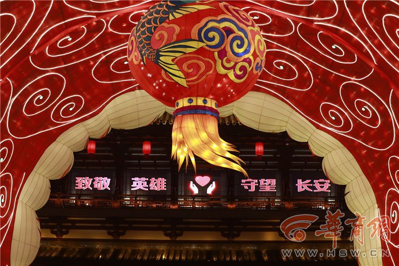 在雁南一路口設(shè)置了“致敬英雄 守望長(zhǎng)安”燈組。宋立嬌介紹,設(shè)計(jì)這組燈是為了向抗疫英雄致敬,并鼓舞全市人民抗疫士氣。雁南一路以南水池上“百鳥(niǎo)朝鳳”燈組,以鳳凰、牡丹、百鳥(niǎo)為主題,打造百鳥(niǎo)朝鳳氛圍裝置,體現(xiàn)出一切生機(jī)勃勃,美好時(shí)光來(lái)臨,看到了一片美好的前景。
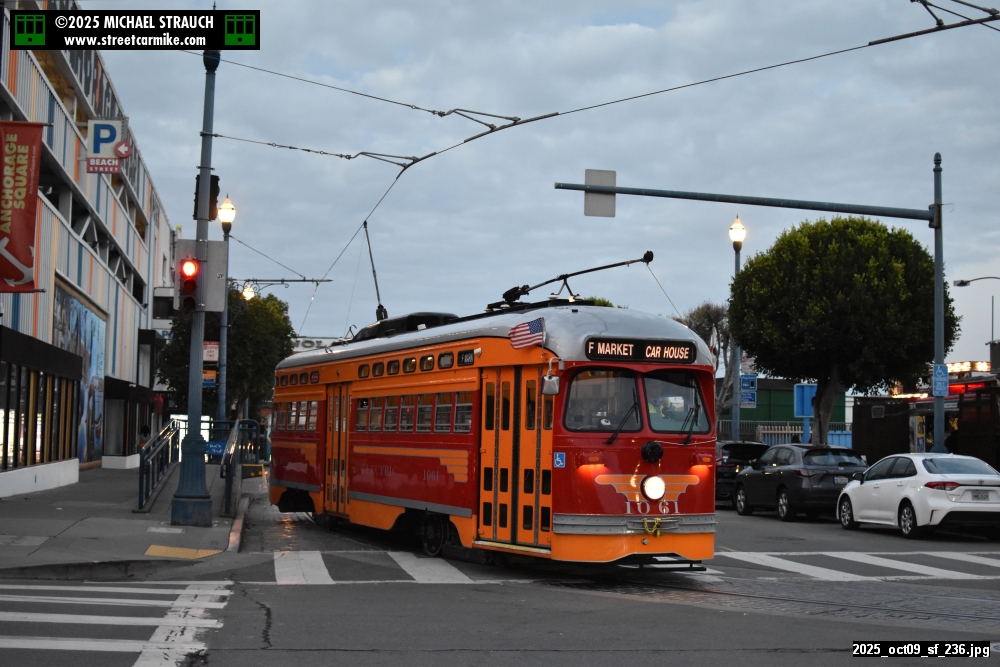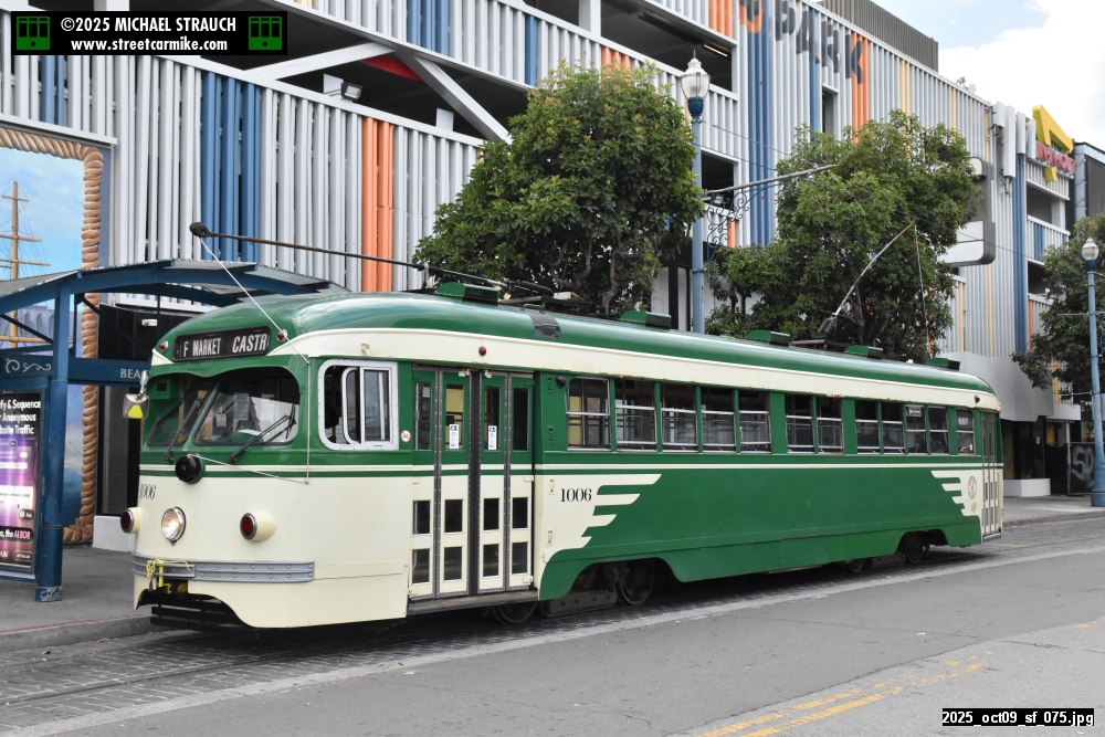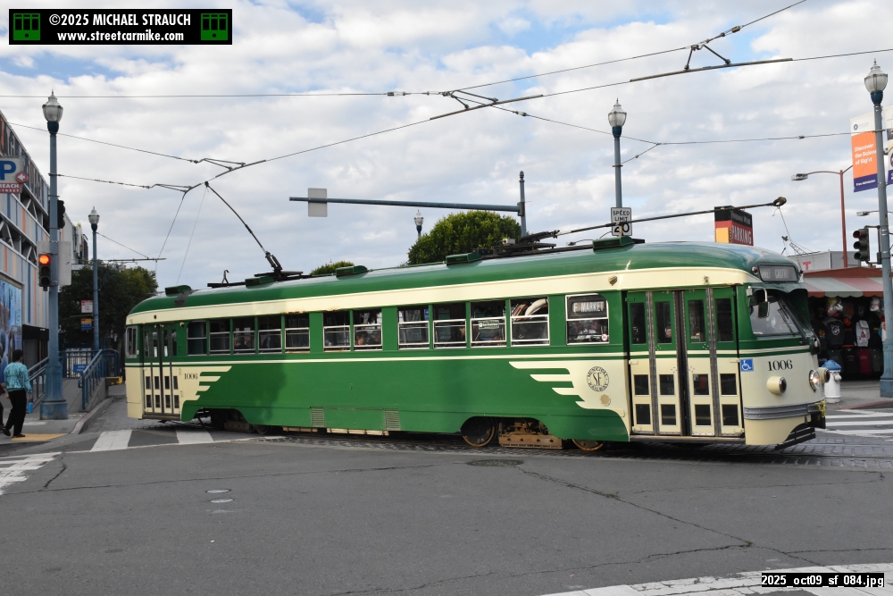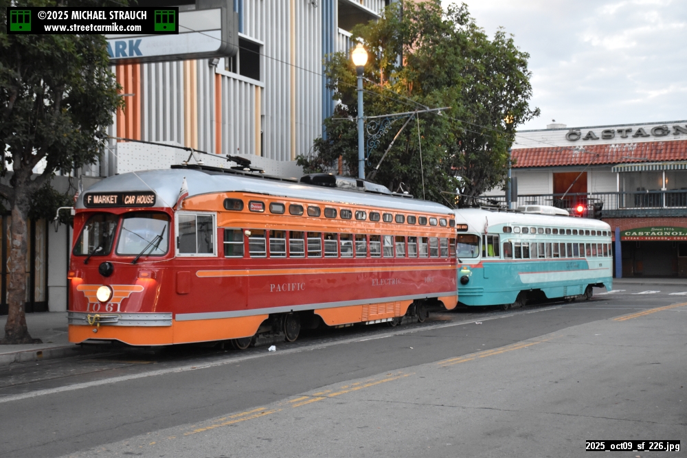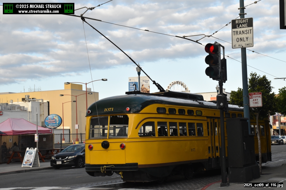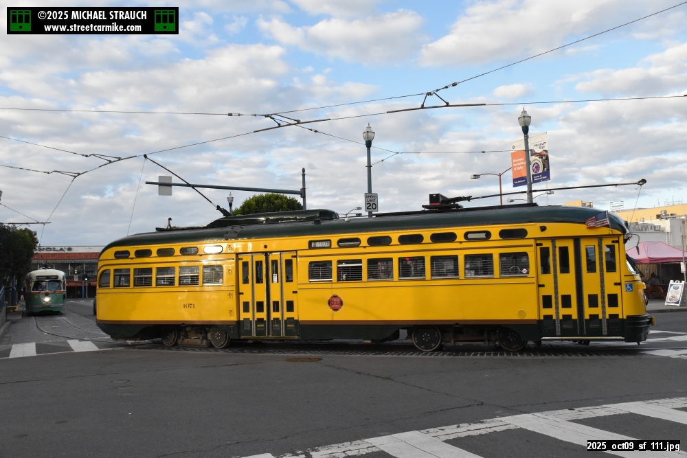 Went up to Jones and Beach Sts. for specific PCC cars on the Market & Wharves line: 1006, 1071, and 1061. Of course, others came and went in front of my camera.
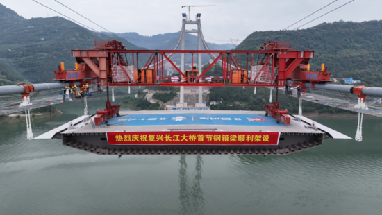復(fù)興長(zhǎng)江大橋首節(jié)鋼箱梁吊裝
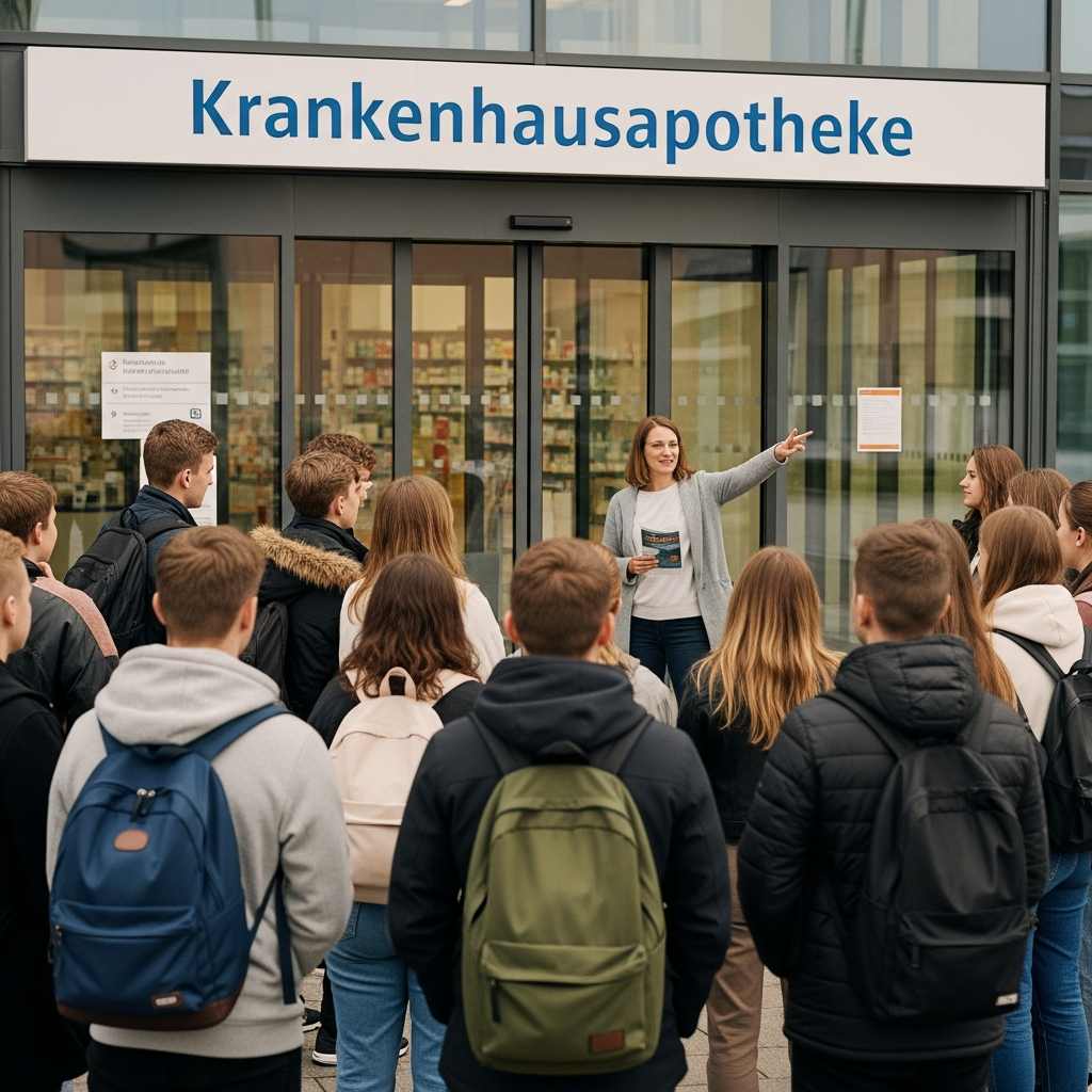 Den Auftakt bildete der Besuch der Krankenhausapotheke der Elbe Kliniken in Stade. Nach einer freundlichen Begrüßung erhielten die Schüler*innen einen anschaulichen Vortrag über Aufgaben, zentrale Rolle in der sicheren Arzneimittelversorgung, logistische Abläufe und die interprofessionelle Zusammenarbeit. Thematisiert wurden zudem aktuelle Herausforderungen und der geplante Neubau mit modernem Unit-Dose-System für mehr Sicherheit und Effizienz – die Vorfreude des Teams war spürbar.

*Aim of the task*. When you repeat the material, keep every word exact and drop the pictures.

*Answer for this exercise*.
 在雁南一路口設(shè)置了“致敬英雄 守望長(zhǎng)安”燈組。宋立嬌介紹,設(shè)計(jì)這組燈是為了向抗疫英雄致敬,并鼓舞全市人民抗疫士氣。雁南一路以南水池上“百鳥(niǎo)朝鳳”燈組,以鳳凰、牡丹、百鳥(niǎo)為主題,打造百鳥(niǎo)朝鳳氛圍裝置,體現(xiàn)出一切生機(jī)勃勃,美好時(shí)光來(lái)臨,看到了一片美好的前景。
 Went up to Jones and Beach Sts. for specific PCC cars on the Market & Wharves line: 1006, 1071, and 1061. Of course, others came and went in front of my camera.
復(fù)興長(zhǎng)江大橋首節(jié)鋼箱梁吊裝
 Den Auftakt bildete der Besuch der Krankenhausapotheke der Elbe Kliniken in Stade. Nach einer freundlichen Begrüßung erhielten die Schüler*innen einen anschaulichen Vortrag über Aufgaben, zentrale Rolle in der sicheren Arzneimittelversorgung, logistische Abläufe und die interprofessionelle Zusammenarbeit. Thematisiert wurden zudem aktuelle Herausforderungen und der geplante Neubau mit modernem Unit-Dose-System für mehr Sicherheit und Effizienz – die Vorfreude des Teams war spürbar.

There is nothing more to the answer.